_TASK INPUTS_
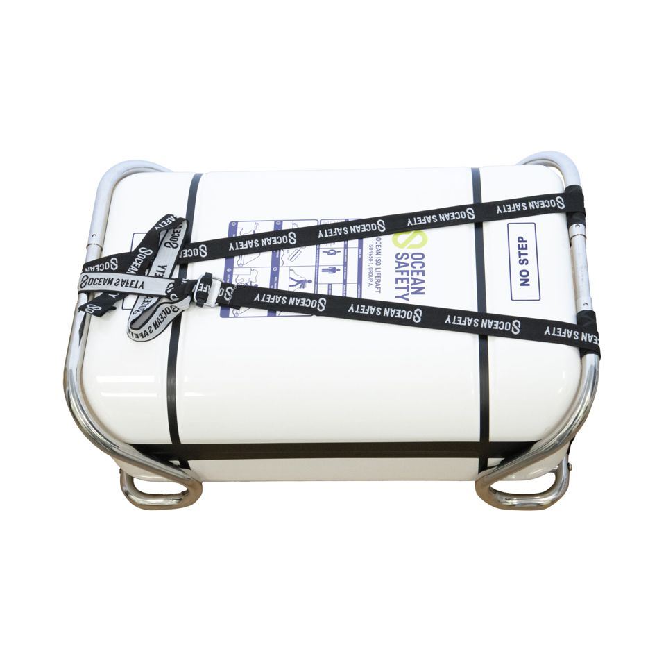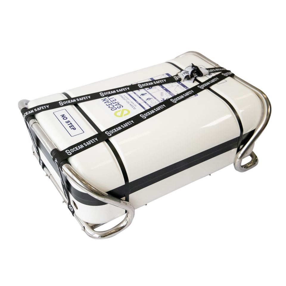 Die universelle Rettungsfloßhalterung von Ocean Safety wurde so konzipiert, dass sie entweder auf dem Deck oder an der Reling montiert werden kann.
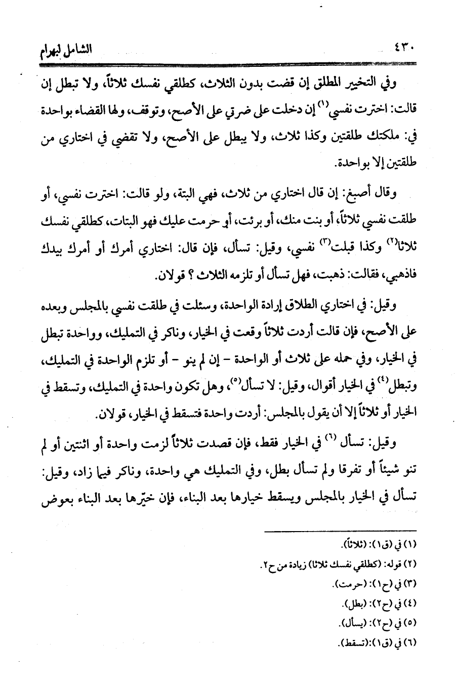 (¬2) قوله (كطلقي نفسك ثلاثا) زيادة من ح2.
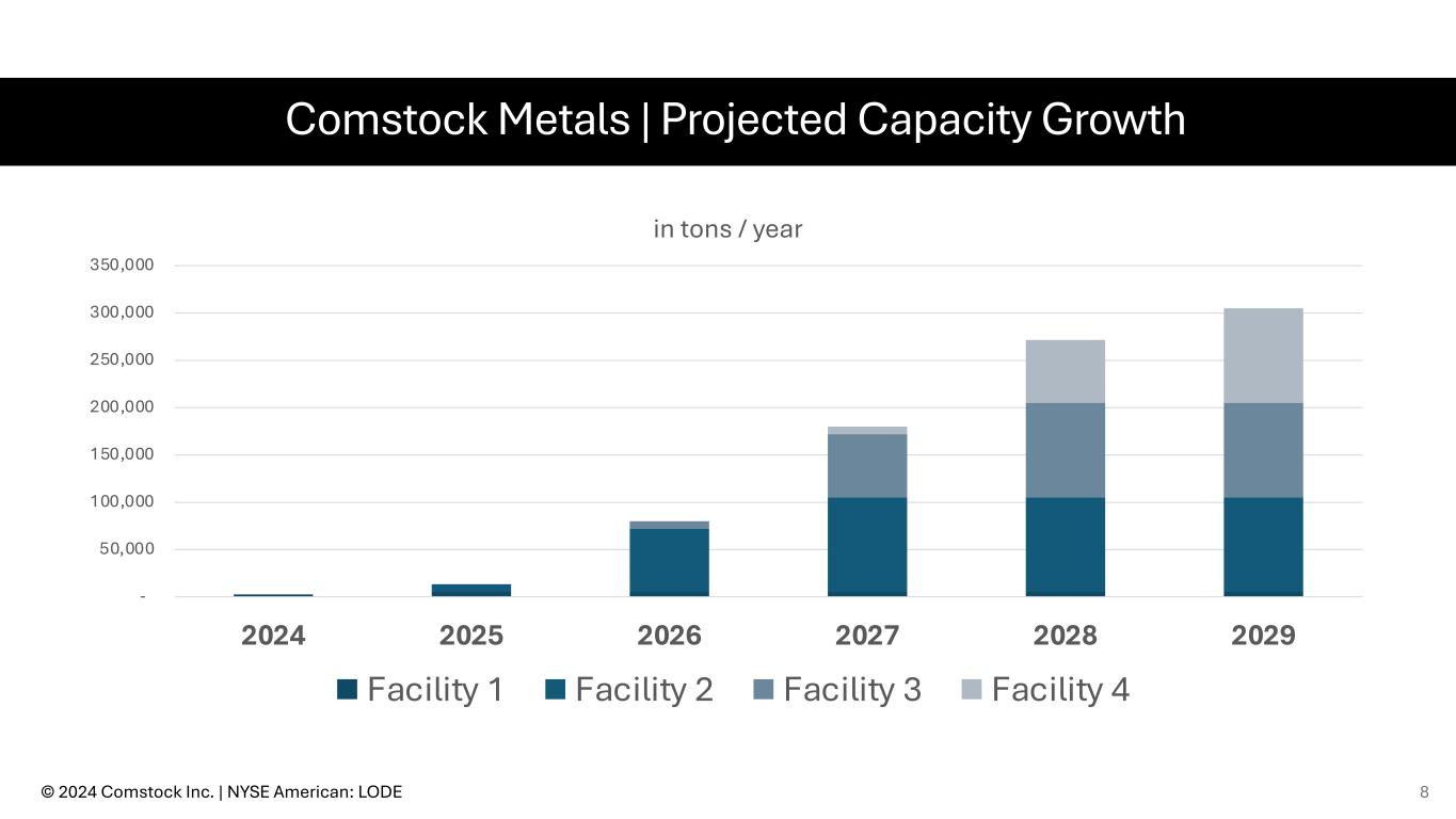 Comstock Metals | Deployment Plan Funding Operational Full Capacity Facility 1 Q2-2023 Q2-2024 Q3-2024 Facility 2 Q3-2024 Q4-2025 Q4-2026 Facility 3 Q3-2025 Q4-2026 Q4-2027 Facility 4 Q3-2026 Q4-2027 Q4-2028 © 2024 Comstock Inc. | NYSE American: LODE 7
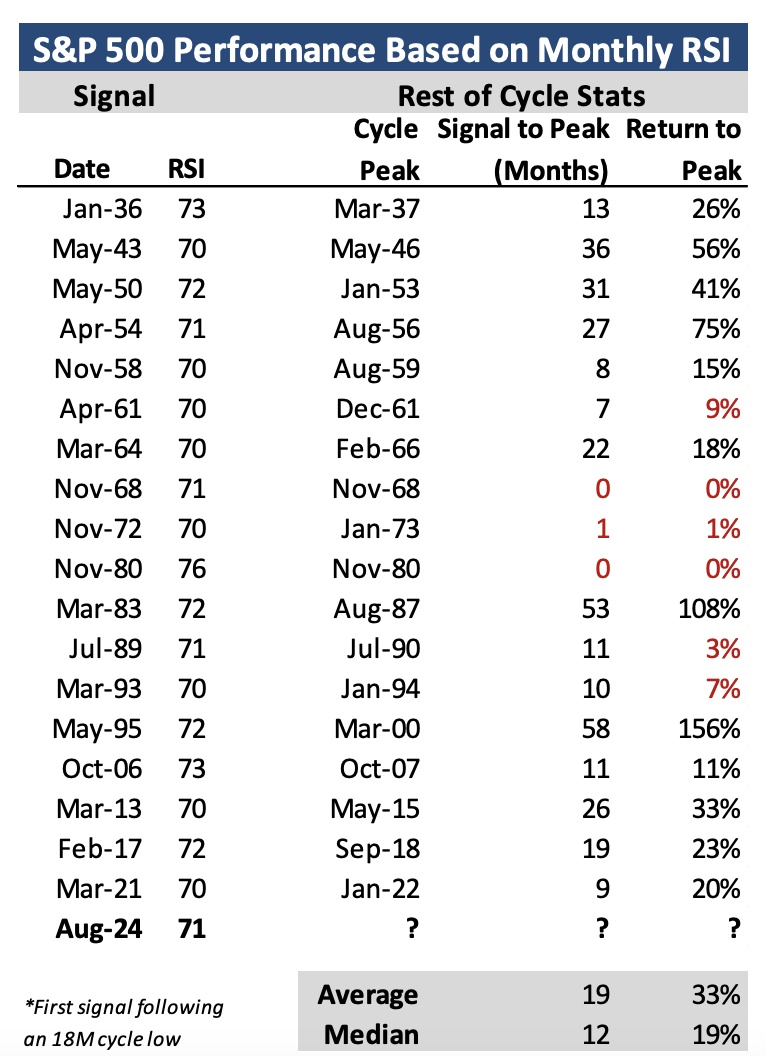 “自1936年以来,标普500指数14个月RSI首次达到70和周期峰值之间的持续时间中位数为12个月,在此期间的中位数回报率为+19%,”Wald表示,“这个信号是在8月底发出的。”
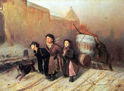 Раннее морозное утро, город покрыт густым серым туманом, по снежной улице трое изможденных детей тянут на санях бочку с водой . Видно, мастер пораньше разбудил их и отправил на речку за водой.
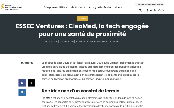 Depuis sa création, CleoMed est accompagné par des acteurs engagés de l’innovation et de la santé.
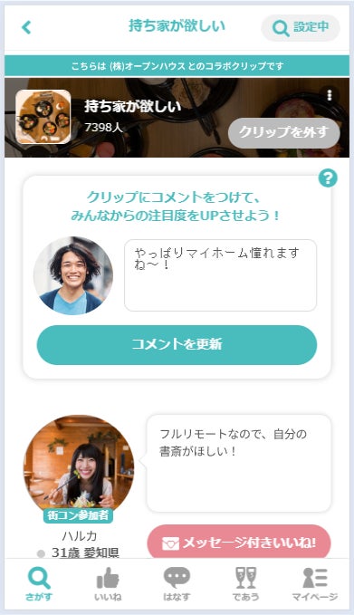 クリップ機能(趣味や価値観を表現する機能)に「持ち家が欲しい」を追加
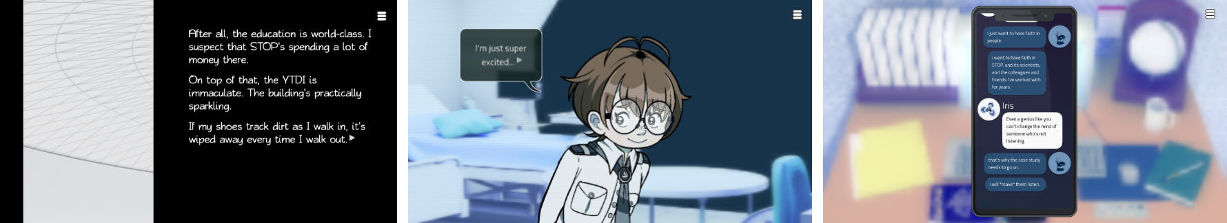 Well, this was one hell of a way to get me interested in MalViolence! The core story is so interesting, and the different ways it was conveyed helped keep me engaged the whole time; switching from research log, to journal, text message and video interview was a really good idea to keep things fresh. It also made it hard to put down! Even when I needed to do something else, I kept thinking, "I'll just see this next one!" ...and before I knew it, I just played through the whole thing! Dr. Deirdre was such a great protagonist, and it was great seeing her grow from someone more or less complacent, believing it was possible to reform STOP from within, to someone willing to take actual action against them. The climax of the story was so tense! Presentation wise, this is top notch stuff! The production values feel so high, I'm amazed that you were all able to complete this in a month! Fantastic UI as well. Great work to the whole team, and I'm looking forward to trying out MalViolence next!
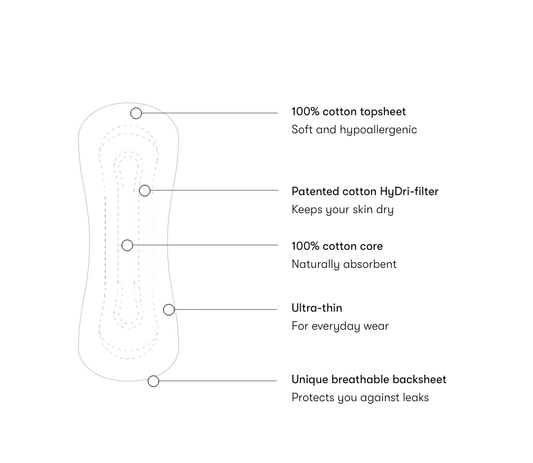 Our oh-so-soft, 100% cotton panty liners naturally protect you against leaks – while giving your vulval skin room to breathe. Absorbent and with a comfortable, barely-there fit, they’re perfect for everyday discharge or a light flow.
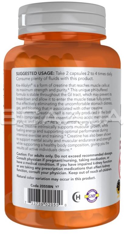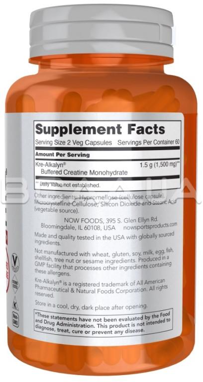 - Now Foods, Sports, Kre-Alkalyn Creatine 750 mg содержит запатентованную pH-буферизированную форму моногидрата креатина, разработанную для улучшенной стабильности, усвоения и производительности. Креатин — одна из самых исследованных спортивных добавок, доказано поддерживающая мышечную силу, взрывную мощь и выносливость во время тренировок — без необходимости фазы загрузки.

_ASSIGNMENT_
Copy out the material above exactly; the images stay out.

_ANSWER BELOW_
 Die universelle Rettungsfloßhalterung von Ocean Safety wurde so konzipiert, dass sie entweder auf dem Deck oder an der Reling montiert werden kann.
 (¬2) قوله (كطلقي نفسك ثلاثا) زيادة من ح2.
 Comstock Metals | Deployment Plan Funding Operational Full Capacity Facility 1 Q2-2023 Q2-2024 Q3-2024 Facility 2 Q3-2024 Q4-2025 Q4-2026 Facility 3 Q3-2025 Q4-2026 Q4-2027 Facility 4 Q3-2026 Q4-2027 Q4-2028 © 2024 Comstock Inc. | NYSE American: LODE 7
 “自1936年以来,标普500指数14个月RSI首次达到70和周期峰值之间的持续时间中位数为12个月,在此期间的中位数回报率为+19%,”Wald表示,“这个信号是在8月底发出的。”
 Раннее морозное утро, город покрыт густым серым туманом, по снежной улице трое изможденных детей тянут на санях бочку с водой . Видно, мастер пораньше разбудил их и отправил на речку за водой.
 Depuis sa création, CleoMed est accompagné par des acteurs engagés de l’innovation et de la santé.
 クリップ機能(趣味や価値観を表現する機能)に「持ち家が欲しい」を追加
 Well, this was one hell of a way to get me interested in MalViolence! The core story is so interesting, and the different ways it was conveyed helped keep me engaged the whole time; switching from research log, to journal, text message and video interview was a really good idea to keep things fresh. It also made it hard to put down! Even when I needed to do something else, I kept thinking, "I'll just see this next one!" ...and before I knew it, I just played through the whole thing! Dr. Deirdre was such a great protagonist, and it was great seeing her grow from someone more or less complacent, believing it was possible to reform STOP from within, to someone willing to take actual action against them. The climax of the story was so tense! Presentation wise, this is top notch stuff! The production values feel so high, I'm amazed that you were all able to complete this in a month! Fantastic UI as well. Great work to the whole team, and I'm looking forward to trying out MalViolence next!
 Our oh-so-soft, 100% cotton panty liners naturally protect you against leaks – while giving your vulval skin room to breathe. Absorbent and with a comfortable, barely-there fit, they’re perfect for everyday discharge or a light flow.
 - Now Foods, Sports, Kre-Alkalyn Creatine 750 mg содержит запатентованную pH-буферизированную форму моногидрата креатина, разработанную для улучшенной стабильности, усвоения и производительности. Креатин — одна из самых исследованных спортивных добавок, доказано поддерживающая мышечную силу, взрывную мощь и выносливость во время тренировок — без необходимости фазы загрузки.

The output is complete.